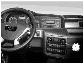 Устройство управления обогревом кабины водителя с кондиционером (1) находится на приборном щитке.
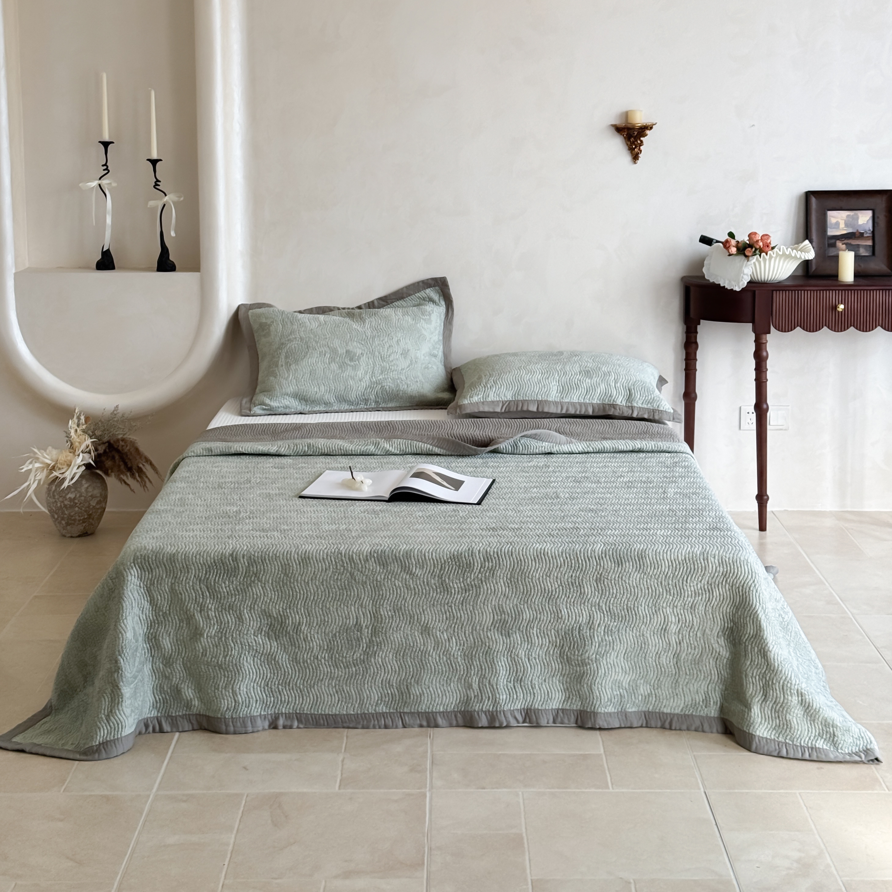 商品名称:床盖工厂店 2026新款莫代尔天丝床盖波浪纹绗缝床盖三件套 牧人-绿
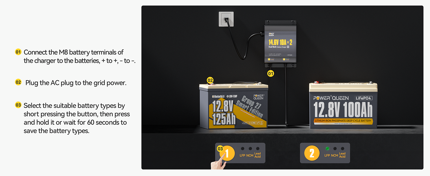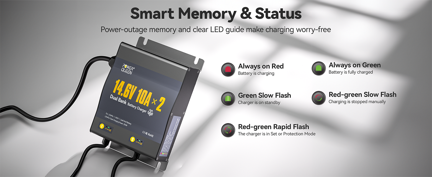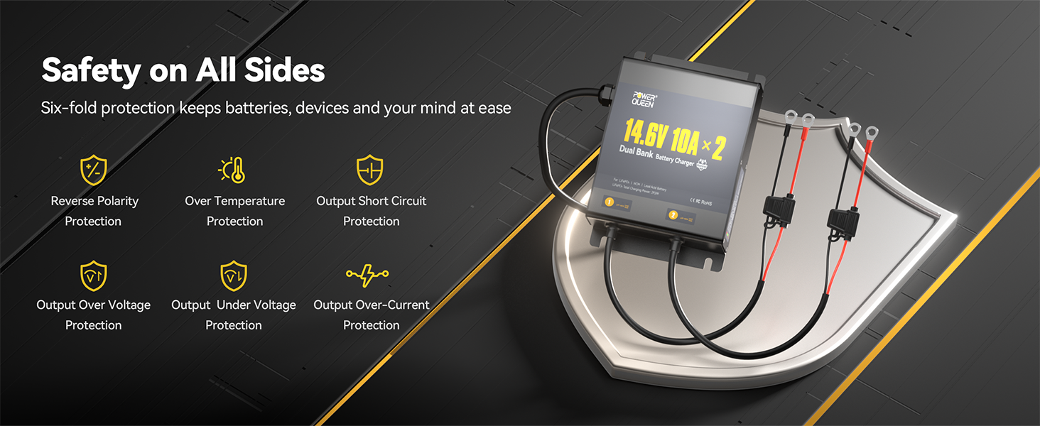 [All-Round Protection & Smart LED Indication] Power Queen 2-Bank 10A (10A/Bank) Dual Smart Battery Charger, built with your safety as the top priority, it features comprehensive protection, including Output Short-Circuit, Reverse Connection, Output Over-Current, Output Over-Voltage, Over-Temperature, and Output Under-Voltage protection. The intuitive LED lights clearly display real-time status: Standby, Charging, Full, Fault, and Battery Type, so you're always in control.
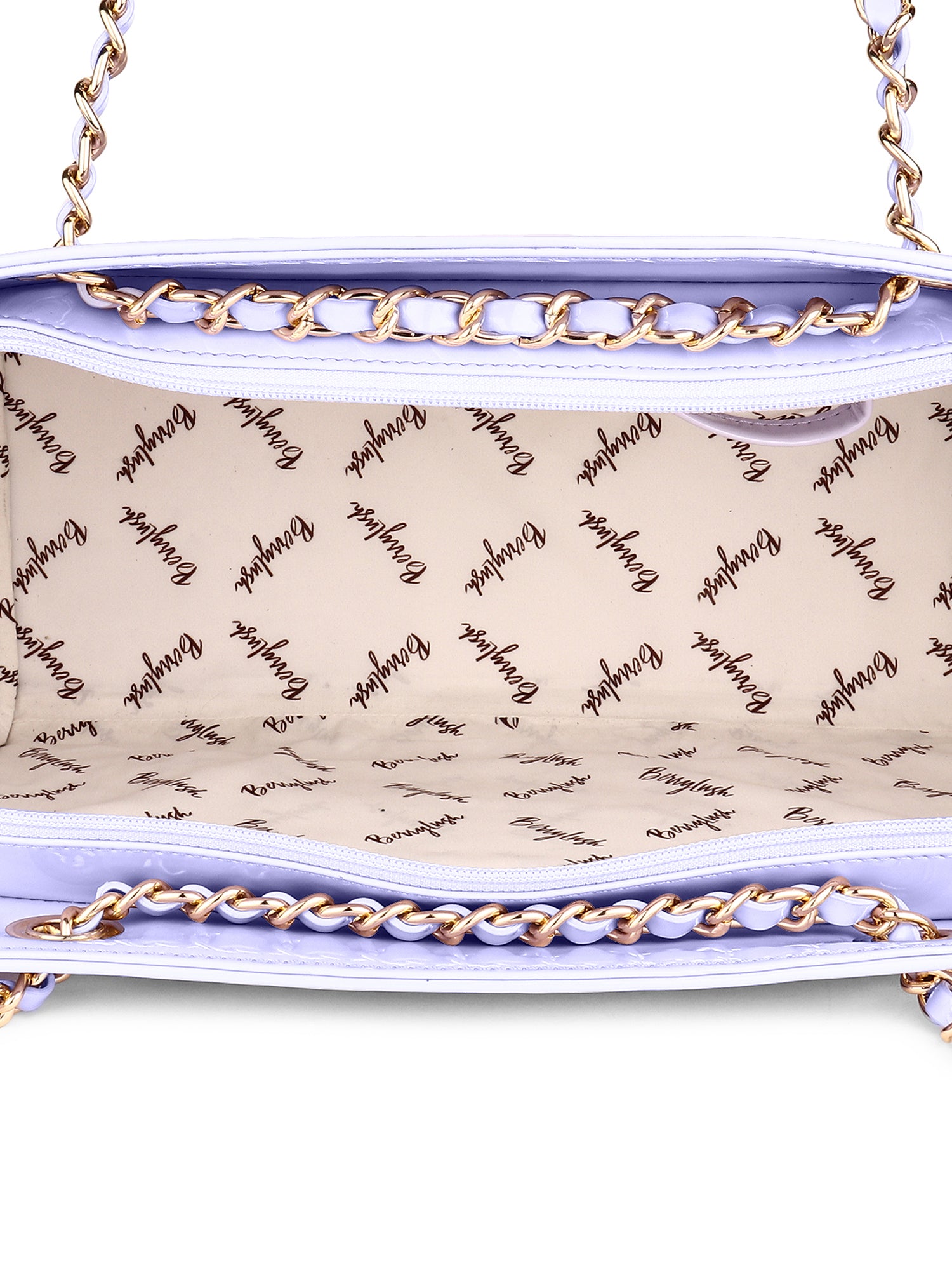 Berrylush Women Purple Typography PU Mobile Pouch Embellished Oversized Tote Bag

§ EXERCISE:
Every line of the material is to be quoted exactly, with no pictures carried over.

§ RESPONSE:
 Устройство управления обогревом кабины водителя с кондиционером (1) находится на приборном щитке.
 商品名称:床盖工厂店 2026新款莫代尔天丝床盖波浪纹绗缝床盖三件套 牧人-绿
 [All-Round Protection & Smart LED Indication] Power Queen 2-Bank 10A (10A/Bank) Dual Smart Battery Charger, built with your safety as the top priority, it features comprehensive protection, including Output Short-Circuit, Reverse Connection, Output Over-Current, Output Over-Voltage, Over-Temperature, and Output Under-Voltage protection. The intuitive LED lights clearly display real-time status: Standby, Charging, Full, Fault, and Battery Type, so you're always in control.
 Berrylush Women Purple Typography PU Mobile Pouch Embellished Oversized Tote Bag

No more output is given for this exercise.